WORK INSTRUCTIONS: Produce exactly the lines from the one holding "煤电烧氨经济性评估(年利用小时数3000小时)" through the last line of the data below, with every picture left out.

[GIVEN DATA — start]

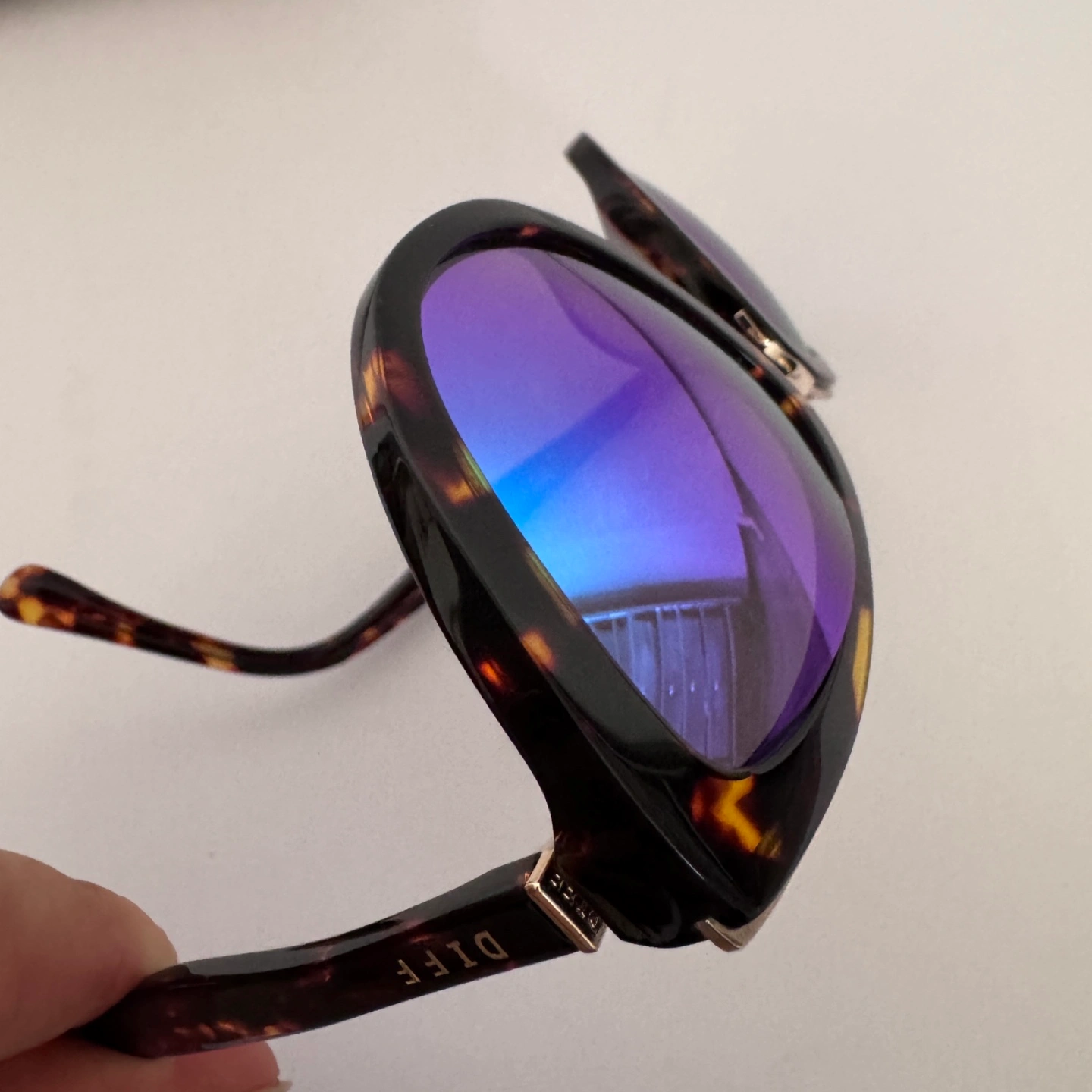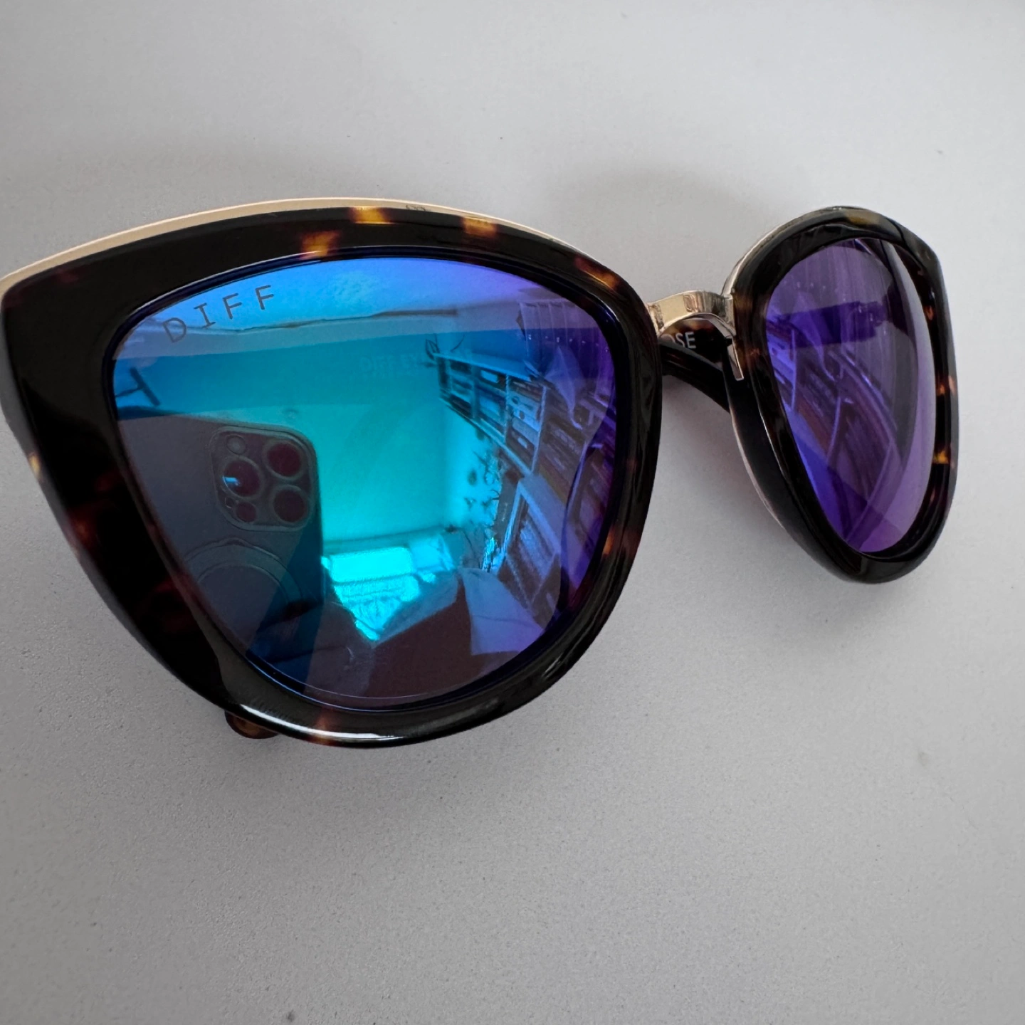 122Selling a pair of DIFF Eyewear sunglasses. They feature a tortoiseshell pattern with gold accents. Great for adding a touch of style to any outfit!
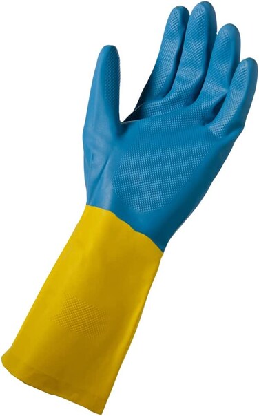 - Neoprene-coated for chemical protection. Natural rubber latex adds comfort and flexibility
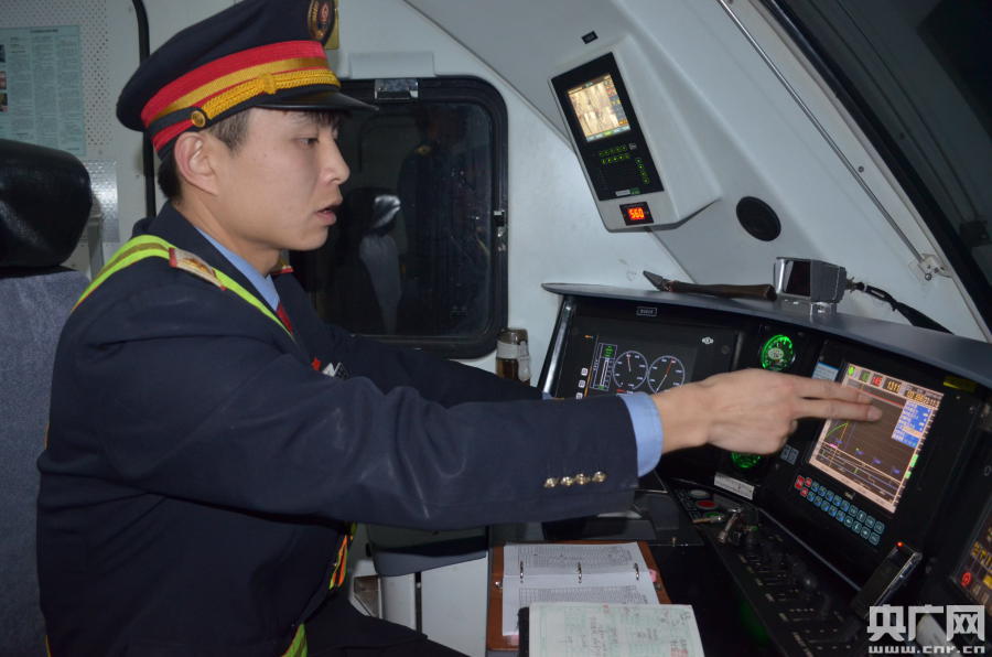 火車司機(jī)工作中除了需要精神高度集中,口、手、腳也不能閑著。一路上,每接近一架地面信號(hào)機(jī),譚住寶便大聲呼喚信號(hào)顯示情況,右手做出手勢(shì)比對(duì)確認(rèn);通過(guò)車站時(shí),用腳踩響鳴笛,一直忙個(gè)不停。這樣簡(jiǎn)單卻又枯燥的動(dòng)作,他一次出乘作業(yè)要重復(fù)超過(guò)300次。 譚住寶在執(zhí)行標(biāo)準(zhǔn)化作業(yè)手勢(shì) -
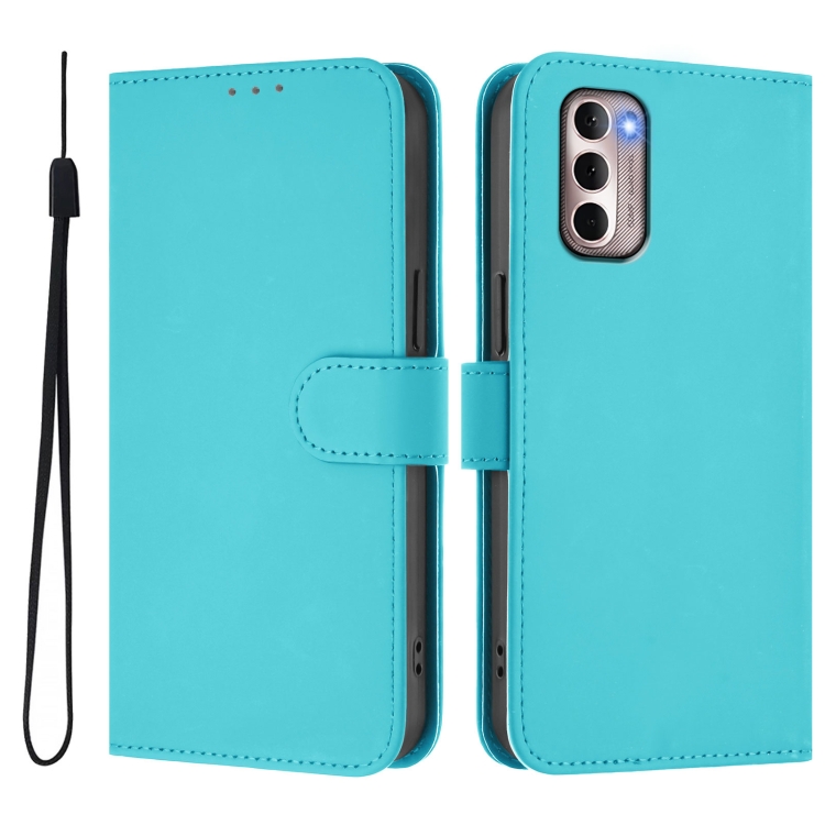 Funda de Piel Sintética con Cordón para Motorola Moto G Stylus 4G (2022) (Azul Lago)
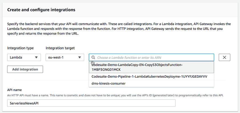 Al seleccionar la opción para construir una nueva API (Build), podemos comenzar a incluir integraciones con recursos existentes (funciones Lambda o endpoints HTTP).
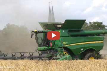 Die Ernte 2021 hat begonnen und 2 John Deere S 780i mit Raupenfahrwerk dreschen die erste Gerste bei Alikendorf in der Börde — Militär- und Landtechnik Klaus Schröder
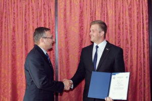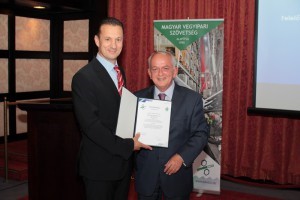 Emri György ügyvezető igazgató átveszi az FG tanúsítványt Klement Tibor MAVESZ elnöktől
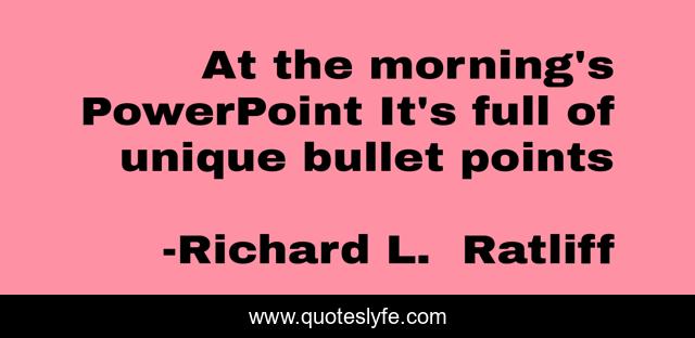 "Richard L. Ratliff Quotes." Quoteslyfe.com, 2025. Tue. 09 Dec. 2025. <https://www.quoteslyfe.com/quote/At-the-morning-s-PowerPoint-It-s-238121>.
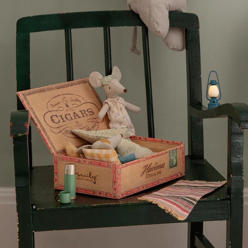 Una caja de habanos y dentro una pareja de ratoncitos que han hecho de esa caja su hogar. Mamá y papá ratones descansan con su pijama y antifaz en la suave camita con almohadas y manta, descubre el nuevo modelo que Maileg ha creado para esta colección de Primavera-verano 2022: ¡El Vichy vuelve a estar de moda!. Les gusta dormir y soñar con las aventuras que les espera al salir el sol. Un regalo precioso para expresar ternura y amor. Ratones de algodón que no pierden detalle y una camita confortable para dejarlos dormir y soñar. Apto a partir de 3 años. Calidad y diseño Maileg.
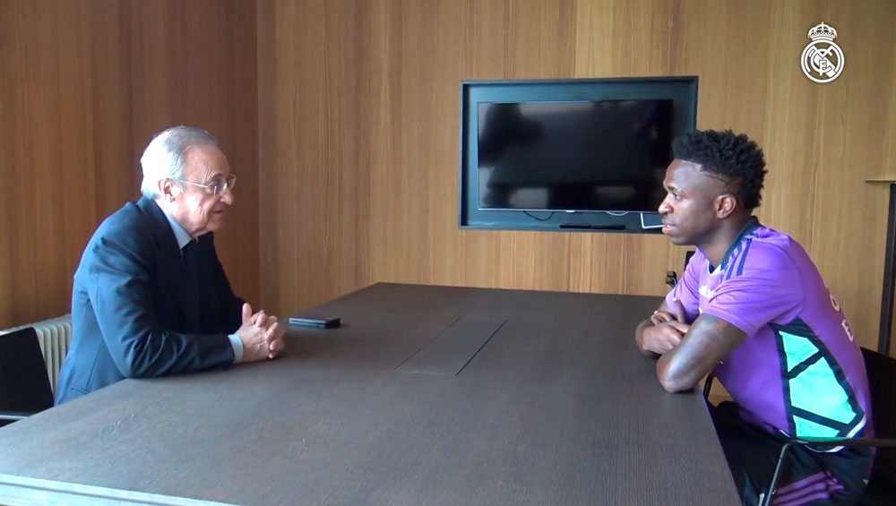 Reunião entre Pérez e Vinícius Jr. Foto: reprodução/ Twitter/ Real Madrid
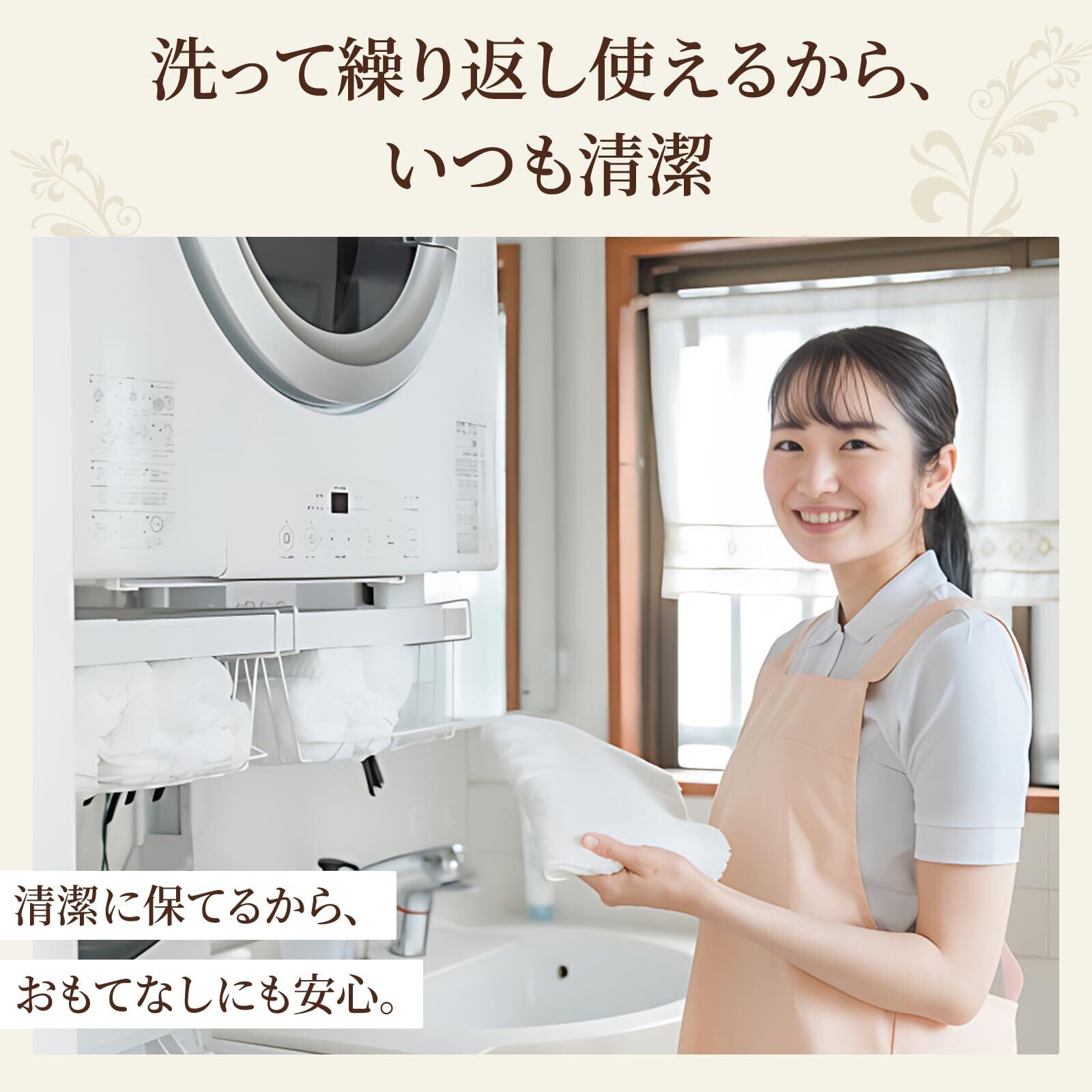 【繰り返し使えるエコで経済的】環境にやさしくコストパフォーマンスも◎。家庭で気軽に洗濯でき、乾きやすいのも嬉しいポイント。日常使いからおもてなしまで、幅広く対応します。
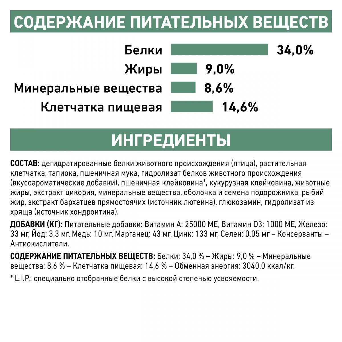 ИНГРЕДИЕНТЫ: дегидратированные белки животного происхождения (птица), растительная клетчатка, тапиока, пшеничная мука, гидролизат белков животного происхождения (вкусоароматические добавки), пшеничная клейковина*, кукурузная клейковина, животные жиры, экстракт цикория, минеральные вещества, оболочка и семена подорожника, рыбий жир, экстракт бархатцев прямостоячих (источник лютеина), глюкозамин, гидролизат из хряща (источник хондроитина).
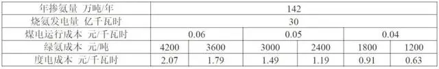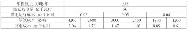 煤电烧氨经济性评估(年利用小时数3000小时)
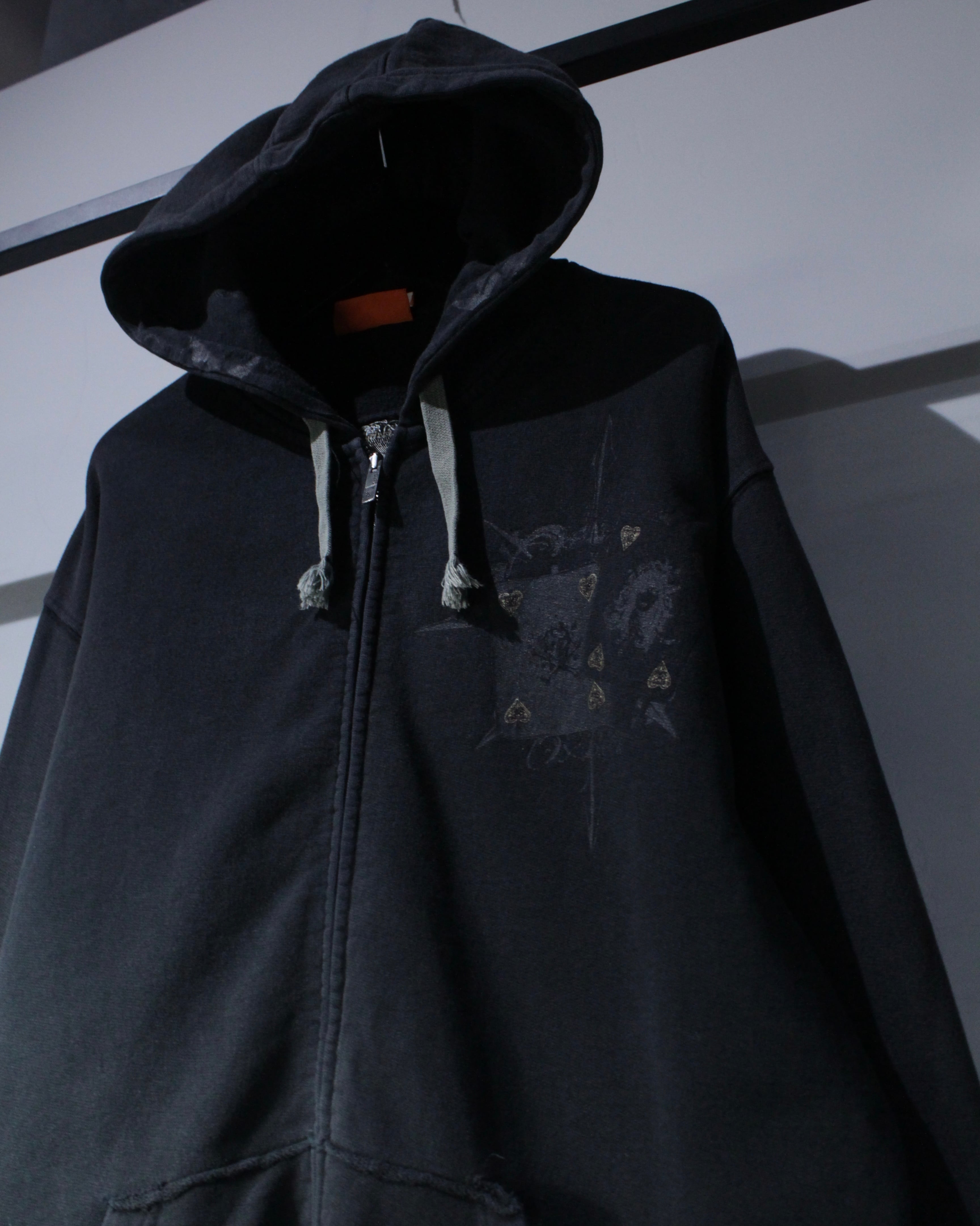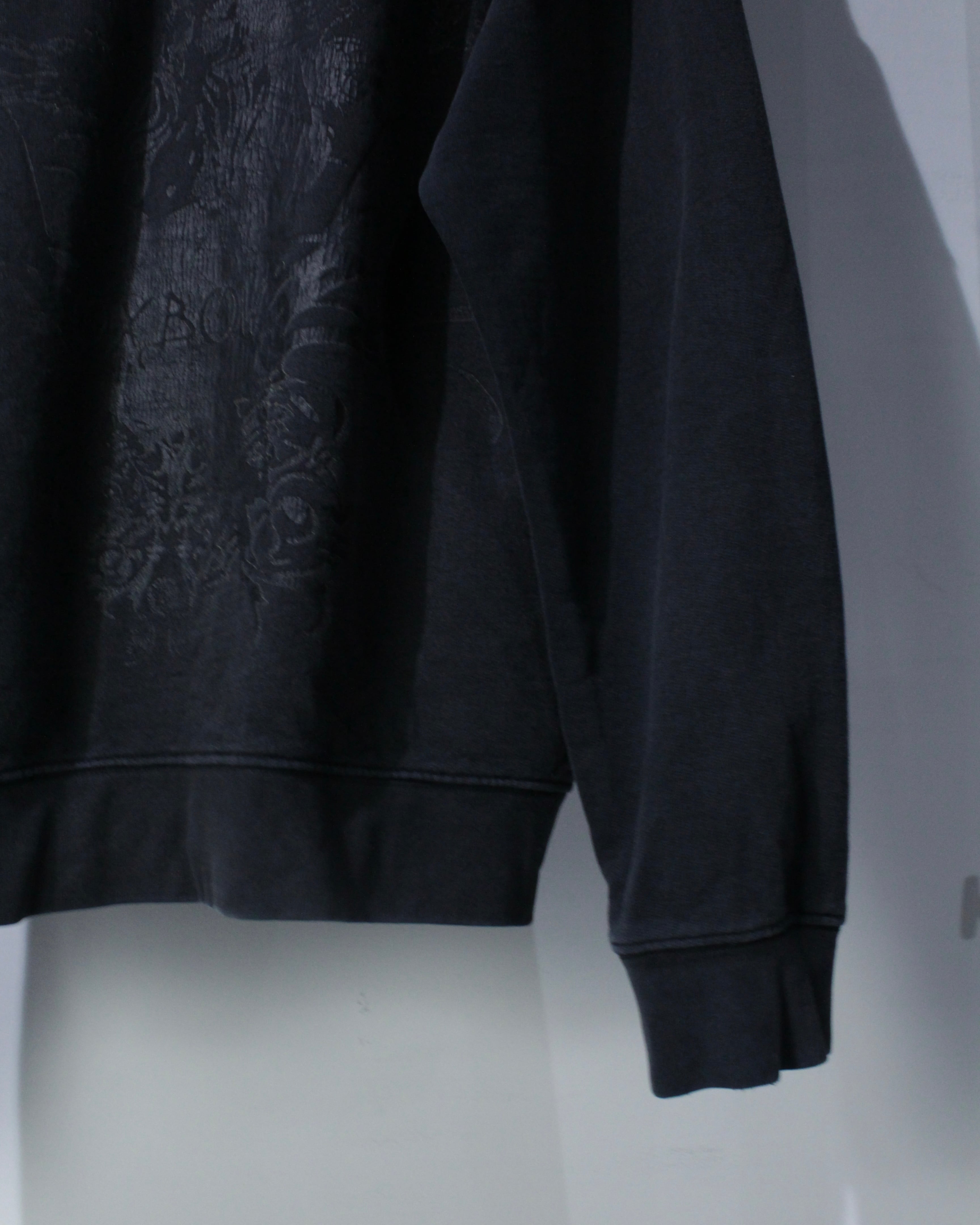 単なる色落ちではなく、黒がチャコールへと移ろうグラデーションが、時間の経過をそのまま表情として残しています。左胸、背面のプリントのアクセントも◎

[GIVEN DATA — finish]

TASK ANSWER:
 煤电烧氨经济性评估(年利用小时数3000小时)
 単なる色落ちではなく、黒がチャコールへと移ろうグラデーションが、時間の経過をそのまま表情として残しています。左胸、背面のプリントのアクセントも◎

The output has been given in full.